Published Februray 25th, 2015
Gardening for Bees
By Janet Kaidantzis
A honeybee heads for a mustard flower. Photo Andy Scheck
With the warmer winter weather, spring is in the air. And so are the honeybees - out flying, gathering pollen, nectar and water to bring back to the hive. Warmer weather also brings us out to our gardens. As you look around and make plans for the sunny days ahead, do a few simple things to help the honeybee. She will reward your efforts by pollinating the flowers to make your fruit trees and vegetable gardens more abundant. And her honey will surely find its way to your local farmers' market and onto your table.
If you have a sunny spot in your yard, plant lavender or rosemary. These attractive shrubs are easy to grow, drought tolerant and long blooming. If you have part shade, plant spearmint, hummingbird sage, campanula or bee balm. Other bee friendly plants that flourish in our region are ceanothus, wisteria, asters, sunflowers, borage, many salvias and thyme.

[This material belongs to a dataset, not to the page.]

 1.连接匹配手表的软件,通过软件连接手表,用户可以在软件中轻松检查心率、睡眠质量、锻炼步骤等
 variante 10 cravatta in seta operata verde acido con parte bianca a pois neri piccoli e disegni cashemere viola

Honeybees practice "flower fidelity," foraging on one plant species at a time. Where possible, grow a single type of plant in a patch of at least one square meter. You'll be reducing the distance the honeybee must fly from flower to flower letting her work more efficiently.

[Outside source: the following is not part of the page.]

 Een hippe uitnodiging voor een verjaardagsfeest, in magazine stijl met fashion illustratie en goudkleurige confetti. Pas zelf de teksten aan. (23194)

Here's another simple thing you can do right now, as soon as you put down this paper. Place an old dinner plate or pie tin beneath one of your drip lines or sprinkler heads so it will refill regularly. Honeybees need a reliable source of clean water all year long. They will remember and return to your improvised water feeder every day, just like a bird, so keep it in the same place and keep it flowing. Place a mound of pebbles on the plate so the bees can take a sip of water without falling in.
It has been a tough year on honeybees. Colony losses among my beekeeping friends exceeded 50 percent. There are many reasons for honeybee mortality; chemical poisonings are one factor. Please avoid using herbicides and pesticides. Instead, trap the yellow jackets (they attack honeybees, too). Use ladybugs to go after aphids. Dump standing water to prevent mosquitoes. If you must spray for pests, choose a product that is non-lethal to honeybees. At the very least, spray at dusk when the honeybee has returned to her hive.
Mother Nature does her part to help the honeybee. Outside your garden walls, the rains bring up the mustard that blooms across our open hillsides providing good forage for bees. More wildflowers will follow. The honeybee knows no boundaries and will fly to wherever nutritious flowers bloom. With very little effort, you can invite her into your garden helping both your plants and the honeybees to thrive.
Meanwhile, pray for rain. How easy is that?
Janet Kaidantzis is a backyard beekeeper in Lafayette and a member of the Mt. Diablo Beekeepers Association.